====== GIVEN DATA
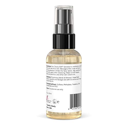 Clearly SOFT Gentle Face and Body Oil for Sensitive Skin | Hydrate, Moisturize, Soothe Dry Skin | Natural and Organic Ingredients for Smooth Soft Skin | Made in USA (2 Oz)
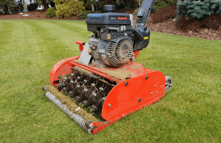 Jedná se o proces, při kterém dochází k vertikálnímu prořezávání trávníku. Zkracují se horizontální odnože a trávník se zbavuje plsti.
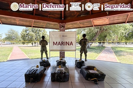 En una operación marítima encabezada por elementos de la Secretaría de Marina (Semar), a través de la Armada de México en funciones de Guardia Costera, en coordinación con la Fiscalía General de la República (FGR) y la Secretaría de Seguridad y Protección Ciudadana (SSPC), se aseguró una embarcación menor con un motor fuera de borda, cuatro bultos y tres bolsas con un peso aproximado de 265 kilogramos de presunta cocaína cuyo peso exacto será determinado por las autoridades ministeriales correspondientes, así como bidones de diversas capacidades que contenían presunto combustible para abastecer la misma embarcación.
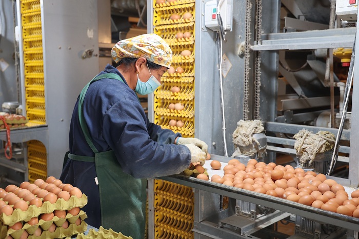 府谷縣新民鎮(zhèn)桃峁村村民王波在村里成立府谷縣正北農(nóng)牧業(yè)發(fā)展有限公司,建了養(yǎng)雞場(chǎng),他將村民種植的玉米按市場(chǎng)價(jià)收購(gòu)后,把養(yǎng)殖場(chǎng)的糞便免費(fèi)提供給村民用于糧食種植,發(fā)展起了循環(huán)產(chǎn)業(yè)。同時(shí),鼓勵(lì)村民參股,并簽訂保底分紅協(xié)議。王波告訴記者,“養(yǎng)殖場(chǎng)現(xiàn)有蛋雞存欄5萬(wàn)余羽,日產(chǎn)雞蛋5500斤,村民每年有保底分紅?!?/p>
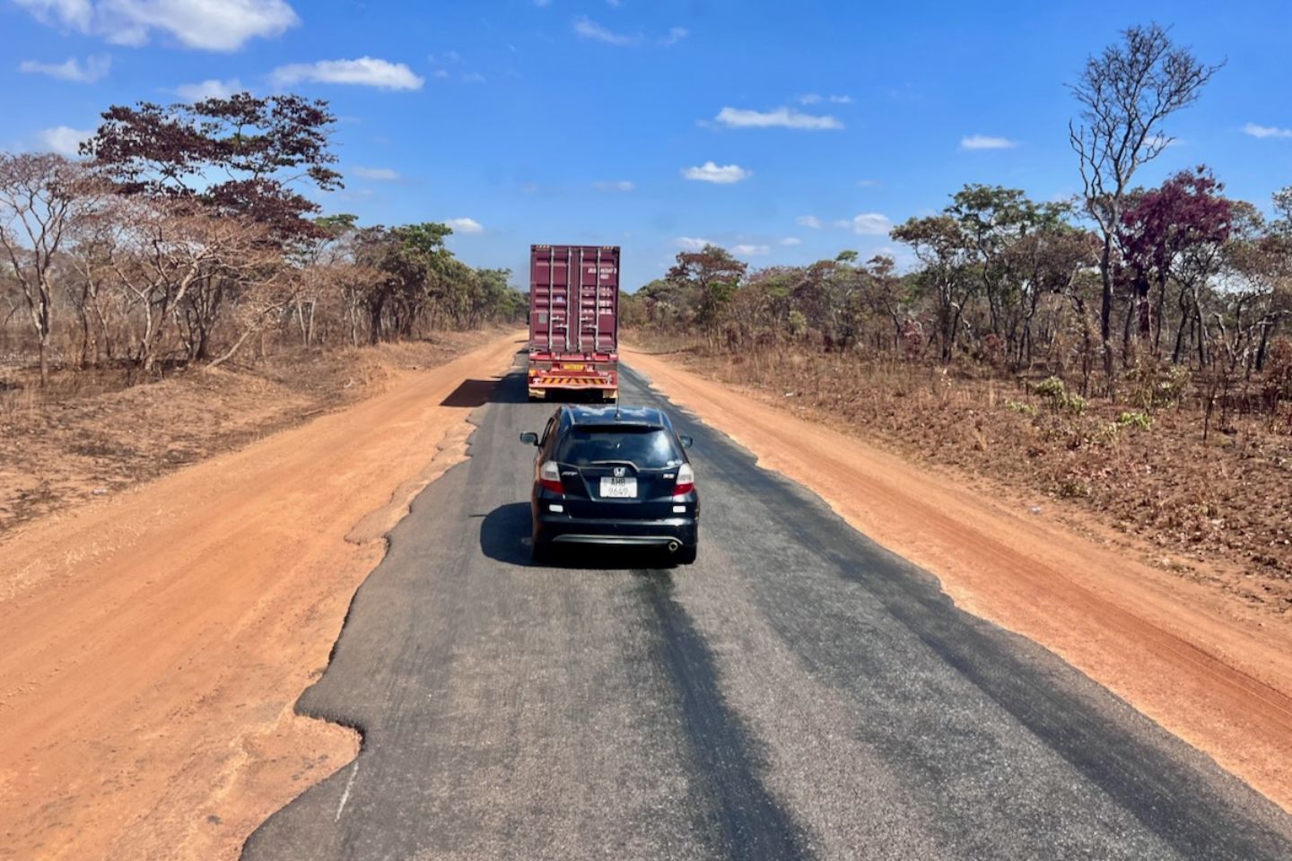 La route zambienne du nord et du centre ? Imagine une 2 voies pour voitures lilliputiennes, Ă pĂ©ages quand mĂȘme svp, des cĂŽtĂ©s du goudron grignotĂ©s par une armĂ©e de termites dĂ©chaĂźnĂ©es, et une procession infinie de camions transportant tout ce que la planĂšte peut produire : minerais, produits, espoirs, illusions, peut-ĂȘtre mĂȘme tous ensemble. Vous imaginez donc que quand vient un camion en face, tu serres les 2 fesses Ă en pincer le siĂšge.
============
====== GIVEN DATA
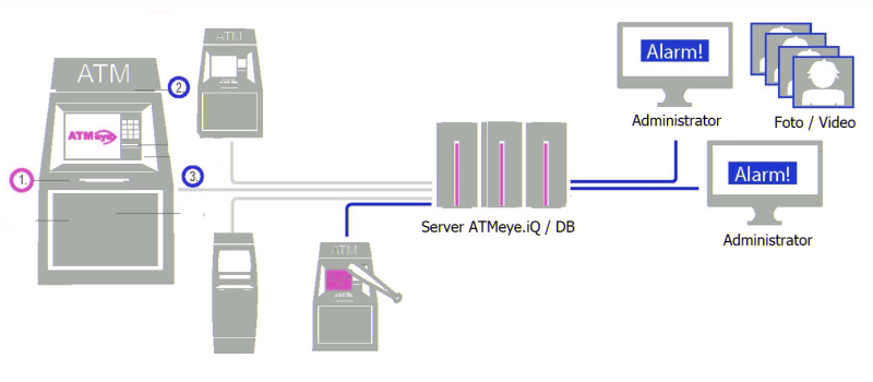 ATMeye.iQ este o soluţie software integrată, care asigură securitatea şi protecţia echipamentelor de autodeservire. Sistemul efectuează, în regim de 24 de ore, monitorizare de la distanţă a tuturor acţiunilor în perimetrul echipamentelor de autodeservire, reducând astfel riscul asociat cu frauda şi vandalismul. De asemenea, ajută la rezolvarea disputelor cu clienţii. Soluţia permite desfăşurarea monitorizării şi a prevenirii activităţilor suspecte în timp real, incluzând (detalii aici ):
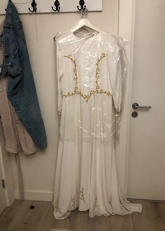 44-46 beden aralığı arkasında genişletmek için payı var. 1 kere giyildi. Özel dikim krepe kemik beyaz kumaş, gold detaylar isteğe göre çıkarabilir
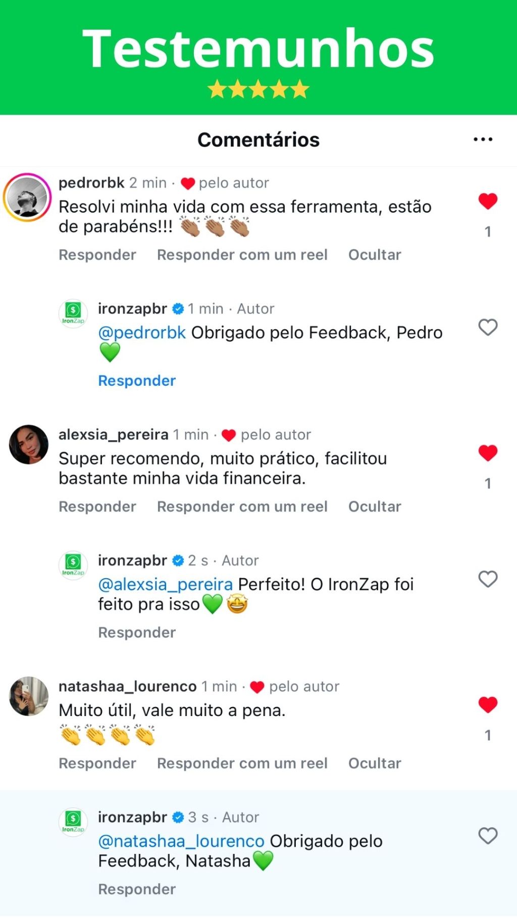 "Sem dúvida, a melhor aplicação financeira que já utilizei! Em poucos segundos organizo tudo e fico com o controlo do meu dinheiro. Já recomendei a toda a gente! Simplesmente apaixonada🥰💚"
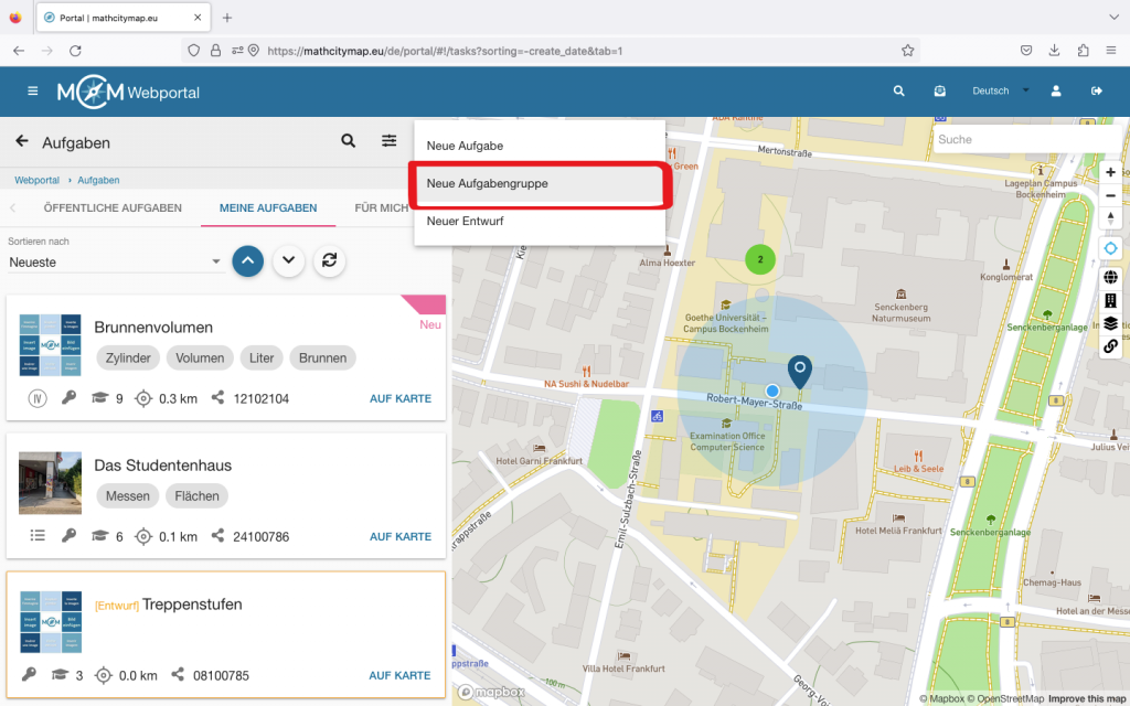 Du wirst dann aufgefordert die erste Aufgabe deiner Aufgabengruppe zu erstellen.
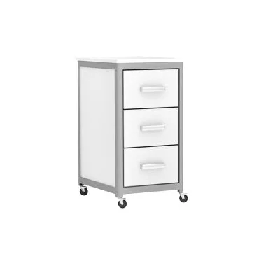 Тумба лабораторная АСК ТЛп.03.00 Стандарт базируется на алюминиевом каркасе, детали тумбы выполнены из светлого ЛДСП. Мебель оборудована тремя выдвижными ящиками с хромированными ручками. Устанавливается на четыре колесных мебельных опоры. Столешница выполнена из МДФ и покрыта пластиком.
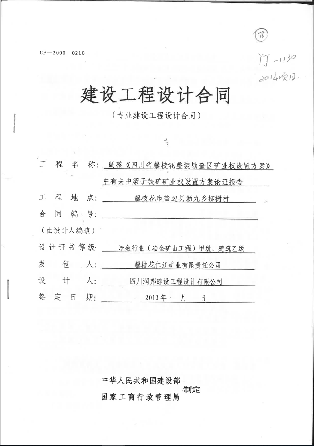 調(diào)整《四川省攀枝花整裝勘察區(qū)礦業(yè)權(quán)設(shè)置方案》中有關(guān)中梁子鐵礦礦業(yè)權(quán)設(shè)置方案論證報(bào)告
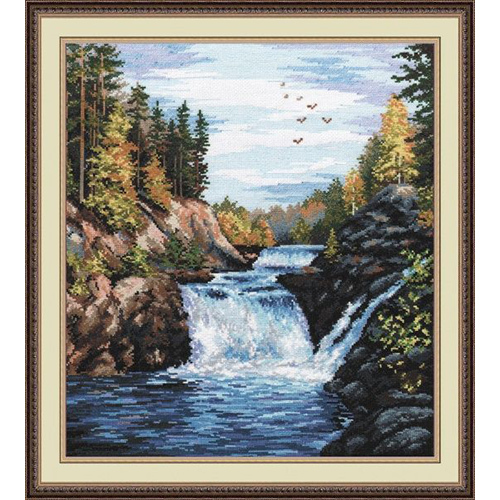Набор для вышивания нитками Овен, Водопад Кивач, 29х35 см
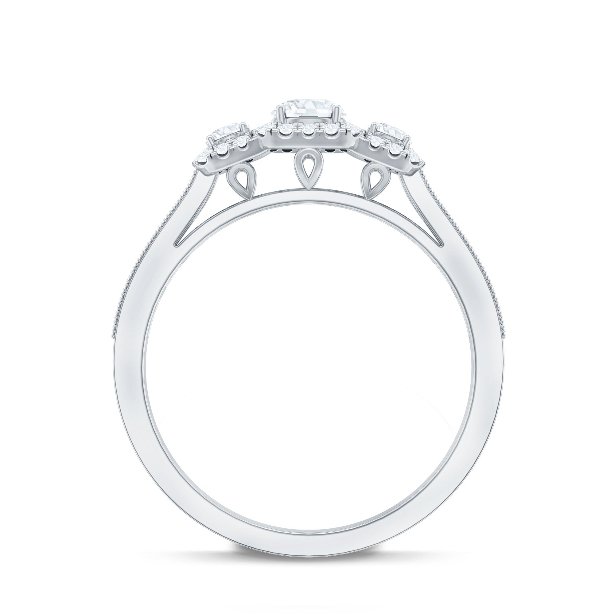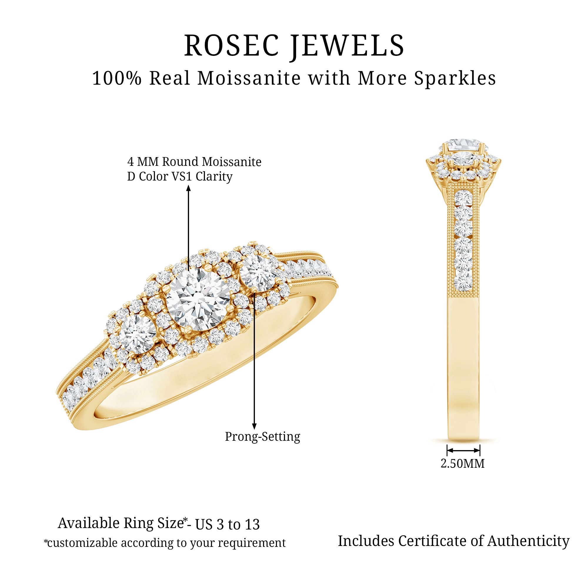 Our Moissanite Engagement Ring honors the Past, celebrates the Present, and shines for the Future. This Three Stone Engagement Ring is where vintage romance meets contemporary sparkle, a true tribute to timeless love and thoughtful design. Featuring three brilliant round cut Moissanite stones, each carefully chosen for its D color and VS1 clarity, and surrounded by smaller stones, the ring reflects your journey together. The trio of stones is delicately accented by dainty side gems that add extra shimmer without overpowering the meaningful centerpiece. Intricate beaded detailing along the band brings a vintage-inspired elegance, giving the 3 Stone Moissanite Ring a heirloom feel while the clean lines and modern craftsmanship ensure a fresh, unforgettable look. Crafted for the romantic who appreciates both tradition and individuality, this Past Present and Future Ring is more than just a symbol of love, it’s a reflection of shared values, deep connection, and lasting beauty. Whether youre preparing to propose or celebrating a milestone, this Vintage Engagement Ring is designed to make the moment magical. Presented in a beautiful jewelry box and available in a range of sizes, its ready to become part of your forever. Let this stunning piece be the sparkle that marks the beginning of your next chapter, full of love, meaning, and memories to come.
============
====== GIVEN DATA
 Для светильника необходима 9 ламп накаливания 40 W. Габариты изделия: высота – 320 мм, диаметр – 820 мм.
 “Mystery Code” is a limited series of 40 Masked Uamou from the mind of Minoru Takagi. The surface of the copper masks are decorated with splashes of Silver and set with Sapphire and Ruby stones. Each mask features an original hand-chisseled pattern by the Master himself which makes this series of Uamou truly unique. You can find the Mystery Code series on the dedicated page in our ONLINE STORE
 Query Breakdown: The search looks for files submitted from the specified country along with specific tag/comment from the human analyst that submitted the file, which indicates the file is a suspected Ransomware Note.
============
= WORK TASK =
Above are some records. Reproduce the lines from the one with "Clearly SOFT Gentle" down to the one with "La route zambienne", keeping both, and leave every picture out.

= RESULT BELOW =
 Clearly SOFT Gentle Face and Body Oil for Sensitive Skin | Hydrate, Moisturize, Soothe Dry Skin | Natural and Organic Ingredients for Smooth Soft Skin | Made in USA (2 Oz)
 Jedná se o proces, při kterém dochází k vertikálnímu prořezávání trávníku. Zkracují se horizontální odnože a trávník se zbavuje plsti.
 En una operación marítima encabezada por elementos de la Secretaría de Marina (Semar), a través de la Armada de México en funciones de Guardia Costera, en coordinación con la Fiscalía General de la República (FGR) y la Secretaría de Seguridad y Protección Ciudadana (SSPC), se aseguró una embarcación menor con un motor fuera de borda, cuatro bultos y tres bolsas con un peso aproximado de 265 kilogramos de presunta cocaína cuyo peso exacto será determinado por las autoridades ministeriales correspondientes, así como bidones de diversas capacidades que contenían presunto combustible para abastecer la misma embarcación.
 府谷縣新民鎮(zhèn)桃峁村村民王波在村里成立府谷縣正北農(nóng)牧業(yè)發(fā)展有限公司,建了養(yǎng)雞場(chǎng),他將村民種植的玉米按市場(chǎng)價(jià)收購(gòu)后,把養(yǎng)殖場(chǎng)的糞便免費(fèi)提供給村民用于糧食種植,發(fā)展起了循環(huán)產(chǎn)業(yè)。同時(shí),鼓勵(lì)村民參股,并簽訂保底分紅協(xié)議。王波告訴記者,“養(yǎng)殖場(chǎng)現(xiàn)有蛋雞存欄5萬(wàn)余羽,日產(chǎn)雞蛋5500斤,村民每年有保底分紅?!?/p>
 La route zambienne du nord et du centre ? Imagine une 2 voies pour voitures lilliputiennes, Ă pĂ©ages quand mĂȘme svp, des cĂŽtĂ©s du goudron grignotĂ©s par une armĂ©e de termites dĂ©chaĂźnĂ©es, et une procession infinie de camions transportant tout ce que la planĂšte peut produire : minerais, produits, espoirs, illusions, peut-ĂȘtre mĂȘme tous ensemble. Vous imaginez donc que quand vient un camion en face, tu serres les 2 fesses Ă en pincer le siĂšge.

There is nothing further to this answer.